The training determination process intends to infer, based on the young athlete state, captured at a certain point of time, the set of training exercises the athlete should execute in the same time window (Fig. 1). This information allows the determination of relevant workouts, appropriate to actions being performed. The action being performed recognition can be an uncertain and imprecise process. The observation of athlete’s actions may not have an objective evaluation, and as such, may result in inaccurate conclusions.

In SmartCoach web/mobile application, the training exercises, are associated with defined stereotypes in the young athletes’ models. The parameters function regarding the young athletes’ performance attributes, such as the training and necessary steps to complete it successfully or the context awareness variables like the type of boots, pitch surface/quality and weather conditions. For each stereotype a hierarchical set is defined, that associates all the trainings that are within its competence and the relations between them are represented.

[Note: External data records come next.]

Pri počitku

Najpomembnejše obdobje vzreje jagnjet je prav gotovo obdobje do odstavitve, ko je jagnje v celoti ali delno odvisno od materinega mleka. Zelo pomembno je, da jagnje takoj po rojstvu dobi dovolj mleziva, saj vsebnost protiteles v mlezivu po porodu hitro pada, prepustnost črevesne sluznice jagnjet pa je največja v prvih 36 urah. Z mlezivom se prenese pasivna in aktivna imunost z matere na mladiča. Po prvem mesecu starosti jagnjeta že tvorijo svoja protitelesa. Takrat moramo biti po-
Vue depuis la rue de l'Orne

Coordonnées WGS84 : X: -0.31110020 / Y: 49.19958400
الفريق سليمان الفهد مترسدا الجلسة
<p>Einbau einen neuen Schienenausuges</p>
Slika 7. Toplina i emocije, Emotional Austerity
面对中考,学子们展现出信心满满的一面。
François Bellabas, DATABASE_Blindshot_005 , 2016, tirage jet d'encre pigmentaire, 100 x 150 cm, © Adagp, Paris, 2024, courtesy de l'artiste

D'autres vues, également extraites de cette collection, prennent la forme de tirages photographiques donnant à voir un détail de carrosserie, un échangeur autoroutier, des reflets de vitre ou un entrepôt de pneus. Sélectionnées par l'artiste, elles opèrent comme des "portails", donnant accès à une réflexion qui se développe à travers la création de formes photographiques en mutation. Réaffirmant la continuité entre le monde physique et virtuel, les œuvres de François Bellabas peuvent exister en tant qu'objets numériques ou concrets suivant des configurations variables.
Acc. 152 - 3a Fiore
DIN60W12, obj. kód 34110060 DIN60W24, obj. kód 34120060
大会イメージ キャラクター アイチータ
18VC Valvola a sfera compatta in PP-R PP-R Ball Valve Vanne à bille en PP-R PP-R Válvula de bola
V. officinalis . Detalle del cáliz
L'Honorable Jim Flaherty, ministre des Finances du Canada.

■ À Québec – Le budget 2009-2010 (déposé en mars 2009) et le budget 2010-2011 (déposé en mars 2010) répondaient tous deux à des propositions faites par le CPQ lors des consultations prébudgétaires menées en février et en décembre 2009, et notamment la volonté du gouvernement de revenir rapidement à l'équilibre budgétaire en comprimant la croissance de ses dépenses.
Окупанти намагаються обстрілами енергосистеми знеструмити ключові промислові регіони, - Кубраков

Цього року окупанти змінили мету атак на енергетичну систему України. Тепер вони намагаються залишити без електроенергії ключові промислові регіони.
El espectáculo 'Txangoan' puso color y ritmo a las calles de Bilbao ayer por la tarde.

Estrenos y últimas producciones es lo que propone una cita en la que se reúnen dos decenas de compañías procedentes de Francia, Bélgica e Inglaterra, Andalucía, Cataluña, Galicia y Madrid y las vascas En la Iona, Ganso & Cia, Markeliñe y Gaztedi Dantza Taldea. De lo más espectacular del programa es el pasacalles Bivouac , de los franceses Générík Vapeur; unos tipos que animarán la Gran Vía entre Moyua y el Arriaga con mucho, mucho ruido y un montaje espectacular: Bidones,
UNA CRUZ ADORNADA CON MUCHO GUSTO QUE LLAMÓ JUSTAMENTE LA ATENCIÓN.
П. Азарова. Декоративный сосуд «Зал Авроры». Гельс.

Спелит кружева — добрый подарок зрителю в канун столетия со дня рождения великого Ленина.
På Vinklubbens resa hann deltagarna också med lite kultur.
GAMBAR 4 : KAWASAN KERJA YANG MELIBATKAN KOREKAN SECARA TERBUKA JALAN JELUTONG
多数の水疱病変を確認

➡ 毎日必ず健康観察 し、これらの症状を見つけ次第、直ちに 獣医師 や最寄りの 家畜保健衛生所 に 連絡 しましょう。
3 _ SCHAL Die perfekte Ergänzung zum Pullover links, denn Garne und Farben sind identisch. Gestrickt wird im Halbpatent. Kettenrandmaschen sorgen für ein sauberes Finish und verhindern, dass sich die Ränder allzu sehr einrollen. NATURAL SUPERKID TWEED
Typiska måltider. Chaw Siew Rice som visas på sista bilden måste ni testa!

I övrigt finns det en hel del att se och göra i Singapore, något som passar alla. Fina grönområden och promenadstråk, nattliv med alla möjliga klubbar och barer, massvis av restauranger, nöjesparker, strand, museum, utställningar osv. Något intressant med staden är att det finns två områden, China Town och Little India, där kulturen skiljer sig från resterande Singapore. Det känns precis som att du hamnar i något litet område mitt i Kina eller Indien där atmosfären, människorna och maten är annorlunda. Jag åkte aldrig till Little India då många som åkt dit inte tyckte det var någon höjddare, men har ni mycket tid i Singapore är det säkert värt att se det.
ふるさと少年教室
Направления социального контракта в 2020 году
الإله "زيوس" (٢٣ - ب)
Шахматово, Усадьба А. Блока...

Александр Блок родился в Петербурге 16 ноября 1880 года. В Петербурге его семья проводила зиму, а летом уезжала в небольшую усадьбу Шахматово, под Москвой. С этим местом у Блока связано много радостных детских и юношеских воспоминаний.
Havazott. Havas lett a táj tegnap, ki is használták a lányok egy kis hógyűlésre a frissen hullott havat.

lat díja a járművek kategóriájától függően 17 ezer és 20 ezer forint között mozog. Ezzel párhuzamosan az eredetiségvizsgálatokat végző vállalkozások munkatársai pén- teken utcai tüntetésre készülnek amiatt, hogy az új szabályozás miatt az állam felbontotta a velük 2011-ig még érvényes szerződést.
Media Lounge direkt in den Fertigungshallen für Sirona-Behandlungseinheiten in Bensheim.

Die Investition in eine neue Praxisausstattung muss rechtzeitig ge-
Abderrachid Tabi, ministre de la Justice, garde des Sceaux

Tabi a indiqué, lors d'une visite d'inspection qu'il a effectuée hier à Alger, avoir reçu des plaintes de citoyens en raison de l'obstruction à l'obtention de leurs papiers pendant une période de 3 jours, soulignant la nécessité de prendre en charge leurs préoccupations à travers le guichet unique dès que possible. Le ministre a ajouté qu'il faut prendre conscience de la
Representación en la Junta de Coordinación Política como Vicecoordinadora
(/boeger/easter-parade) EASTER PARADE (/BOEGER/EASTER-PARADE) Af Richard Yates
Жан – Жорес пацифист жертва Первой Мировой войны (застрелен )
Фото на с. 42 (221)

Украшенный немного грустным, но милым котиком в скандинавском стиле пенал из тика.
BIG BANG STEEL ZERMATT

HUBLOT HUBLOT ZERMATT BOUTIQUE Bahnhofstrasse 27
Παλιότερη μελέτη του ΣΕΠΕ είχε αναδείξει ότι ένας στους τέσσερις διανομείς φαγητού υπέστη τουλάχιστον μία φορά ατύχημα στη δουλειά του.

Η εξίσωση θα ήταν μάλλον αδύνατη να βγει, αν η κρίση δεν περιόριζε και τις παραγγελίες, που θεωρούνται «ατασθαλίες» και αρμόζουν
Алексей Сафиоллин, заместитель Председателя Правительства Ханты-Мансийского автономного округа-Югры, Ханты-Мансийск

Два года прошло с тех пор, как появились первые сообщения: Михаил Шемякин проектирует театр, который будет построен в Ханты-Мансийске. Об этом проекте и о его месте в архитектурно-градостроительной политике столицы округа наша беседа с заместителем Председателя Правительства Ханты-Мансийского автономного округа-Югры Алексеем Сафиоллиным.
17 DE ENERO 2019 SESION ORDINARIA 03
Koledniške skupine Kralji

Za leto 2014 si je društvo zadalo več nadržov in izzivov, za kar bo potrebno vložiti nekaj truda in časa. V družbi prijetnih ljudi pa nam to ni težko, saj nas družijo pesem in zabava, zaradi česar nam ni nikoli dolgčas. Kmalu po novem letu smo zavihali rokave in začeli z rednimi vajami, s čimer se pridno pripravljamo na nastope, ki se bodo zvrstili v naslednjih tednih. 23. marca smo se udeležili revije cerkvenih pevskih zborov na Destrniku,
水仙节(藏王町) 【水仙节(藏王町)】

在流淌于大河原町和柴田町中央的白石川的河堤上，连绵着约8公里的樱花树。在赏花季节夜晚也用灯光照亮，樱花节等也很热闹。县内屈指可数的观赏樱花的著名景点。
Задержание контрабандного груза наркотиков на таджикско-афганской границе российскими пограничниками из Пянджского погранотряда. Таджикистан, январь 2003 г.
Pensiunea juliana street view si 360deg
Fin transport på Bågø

In view of the initial catalogue of all possible training sessions, the adaptation model (Fig. 1) will initially, use the user’s stereotype information and the attributes considered relevant by the coaching and medical staffs to perform/apply our filtering algorithm. This will allow, for example, that only trainings related to young athletes’ actions and goals are considered. Hence, an ordering is made according to the probability of each activity being performed at a given time from among all possible, using data such as the expected course of training and young athletes’ personal performances and injuries history.

4 Conclusions

In this work is considered that the best way to please users is to suggest trainings that can improve their abilities or prevent injuries. The first version of the data collection prototype is being evaluated in two football clubs’ academies, which we will designate by club A and club B. The study will run over two months in two teams: one from club A and one from club B. The athletes age is between 15 and 18 years. None of the athletes and staff had any experience using mobile applications to support training. However, they are familiar with mobile apps and personal computers (PCs), namely, social networking and playing videogames.